§ DATA FOR ANALYSIS:
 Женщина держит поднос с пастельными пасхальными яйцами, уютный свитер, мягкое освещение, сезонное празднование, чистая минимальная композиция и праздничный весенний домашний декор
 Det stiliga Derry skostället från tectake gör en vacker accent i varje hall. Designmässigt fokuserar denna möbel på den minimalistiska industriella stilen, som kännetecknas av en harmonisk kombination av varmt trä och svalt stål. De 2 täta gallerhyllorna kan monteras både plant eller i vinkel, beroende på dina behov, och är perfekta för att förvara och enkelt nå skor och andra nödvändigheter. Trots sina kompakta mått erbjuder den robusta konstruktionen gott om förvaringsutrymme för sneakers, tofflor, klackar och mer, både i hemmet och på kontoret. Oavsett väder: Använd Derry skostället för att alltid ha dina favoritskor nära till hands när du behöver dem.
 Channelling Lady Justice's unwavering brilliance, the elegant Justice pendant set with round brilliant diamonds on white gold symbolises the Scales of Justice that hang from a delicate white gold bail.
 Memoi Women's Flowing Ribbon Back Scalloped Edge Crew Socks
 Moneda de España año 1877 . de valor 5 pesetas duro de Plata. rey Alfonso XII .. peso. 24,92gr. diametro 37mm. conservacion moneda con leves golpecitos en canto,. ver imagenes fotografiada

--

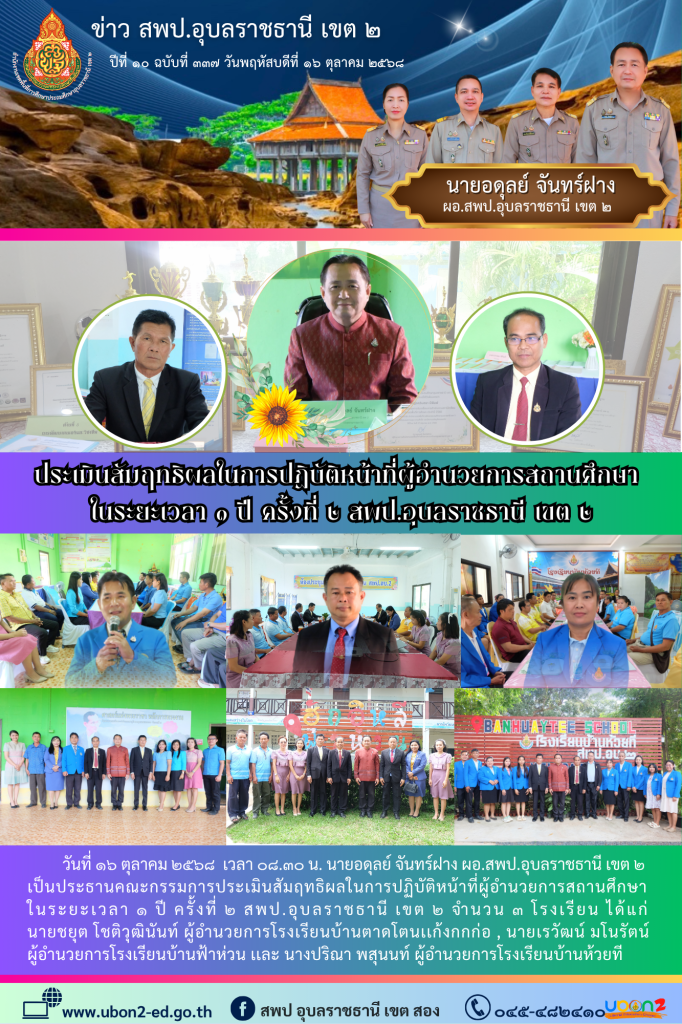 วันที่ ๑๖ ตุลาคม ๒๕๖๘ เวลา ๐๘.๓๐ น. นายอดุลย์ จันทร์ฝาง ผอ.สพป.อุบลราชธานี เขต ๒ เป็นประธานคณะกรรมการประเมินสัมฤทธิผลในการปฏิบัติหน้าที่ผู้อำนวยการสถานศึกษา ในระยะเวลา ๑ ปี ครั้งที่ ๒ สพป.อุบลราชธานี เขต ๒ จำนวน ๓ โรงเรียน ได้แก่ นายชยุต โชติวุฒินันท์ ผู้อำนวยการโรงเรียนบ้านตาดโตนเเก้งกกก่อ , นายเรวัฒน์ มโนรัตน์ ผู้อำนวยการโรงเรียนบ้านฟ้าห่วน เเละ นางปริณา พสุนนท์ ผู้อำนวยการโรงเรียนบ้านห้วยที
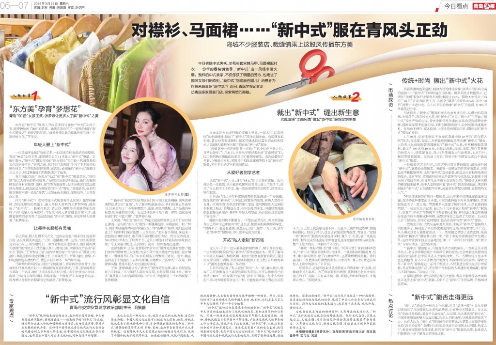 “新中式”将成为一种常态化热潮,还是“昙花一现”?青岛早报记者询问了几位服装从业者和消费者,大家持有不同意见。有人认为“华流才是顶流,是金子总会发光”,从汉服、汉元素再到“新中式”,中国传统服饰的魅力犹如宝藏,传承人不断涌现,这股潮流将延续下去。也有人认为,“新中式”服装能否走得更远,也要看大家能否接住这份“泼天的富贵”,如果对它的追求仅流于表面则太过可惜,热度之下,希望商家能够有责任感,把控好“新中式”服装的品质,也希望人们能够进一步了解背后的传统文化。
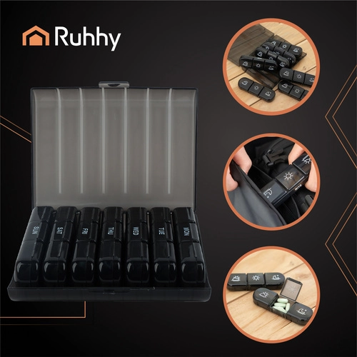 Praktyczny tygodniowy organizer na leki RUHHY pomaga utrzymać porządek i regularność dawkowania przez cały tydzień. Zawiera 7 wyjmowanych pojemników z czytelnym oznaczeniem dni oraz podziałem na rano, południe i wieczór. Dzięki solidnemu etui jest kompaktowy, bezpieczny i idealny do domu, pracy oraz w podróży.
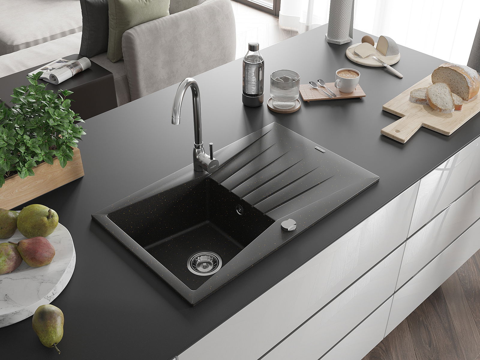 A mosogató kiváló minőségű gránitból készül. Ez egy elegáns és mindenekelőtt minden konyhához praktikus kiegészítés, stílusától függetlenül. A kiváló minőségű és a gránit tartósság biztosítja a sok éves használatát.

--

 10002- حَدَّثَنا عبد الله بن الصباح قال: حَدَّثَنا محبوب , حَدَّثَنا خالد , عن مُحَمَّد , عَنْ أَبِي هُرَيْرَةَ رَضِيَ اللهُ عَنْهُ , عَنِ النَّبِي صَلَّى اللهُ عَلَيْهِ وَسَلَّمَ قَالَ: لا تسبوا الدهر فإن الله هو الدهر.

§ TASK DESCRIPTION:
Make an exact copy of the lines above, beginning with the line with "วันที่ ๑๖ ตุลาคม" and ending with the line with "Praktyczny tygodniowy organizer", and keep the pictures out of it.

§ SOLUTION FOR THIS PROBLEM:
 วันที่ ๑๖ ตุลาคม ๒๕๖๘ เวลา ๐๘.๓๐ น. นายอดุลย์ จันทร์ฝาง ผอ.สพป.อุบลราชธานี เขต ๒ เป็นประธานคณะกรรมการประเมินสัมฤทธิผลในการปฏิบัติหน้าที่ผู้อำนวยการสถานศึกษา ในระยะเวลา ๑ ปี ครั้งที่ ๒ สพป.อุบลราชธานี เขต ๒ จำนวน ๓ โรงเรียน ได้แก่ นายชยุต โชติวุฒินันท์ ผู้อำนวยการโรงเรียนบ้านตาดโตนเเก้งกกก่อ , นายเรวัฒน์ มโนรัตน์ ผู้อำนวยการโรงเรียนบ้านฟ้าห่วน เเละ นางปริณา พสุนนท์ ผู้อำนวยการโรงเรียนบ้านห้วยที
 “新中式”将成为一种常态化热潮,还是“昙花一现”?青岛早报记者询问了几位服装从业者和消费者,大家持有不同意见。有人认为“华流才是顶流,是金子总会发光”,从汉服、汉元素再到“新中式”,中国传统服饰的魅力犹如宝藏,传承人不断涌现,这股潮流将延续下去。也有人认为,“新中式”服装能否走得更远,也要看大家能否接住这份“泼天的富贵”,如果对它的追求仅流于表面则太过可惜,热度之下,希望商家能够有责任感,把控好“新中式”服装的品质,也希望人们能够进一步了解背后的传统文化。
 Praktyczny tygodniowy organizer na leki RUHHY pomaga utrzymać porządek i regularność dawkowania przez cały tydzień. Zawiera 7 wyjmowanych pojemników z czytelnym oznaczeniem dni oraz podziałem na rano, południe i wieczór. Dzięki solidnemu etui jest kompaktowy, bezpieczny i idealny do domu, pracy oraz w podróży.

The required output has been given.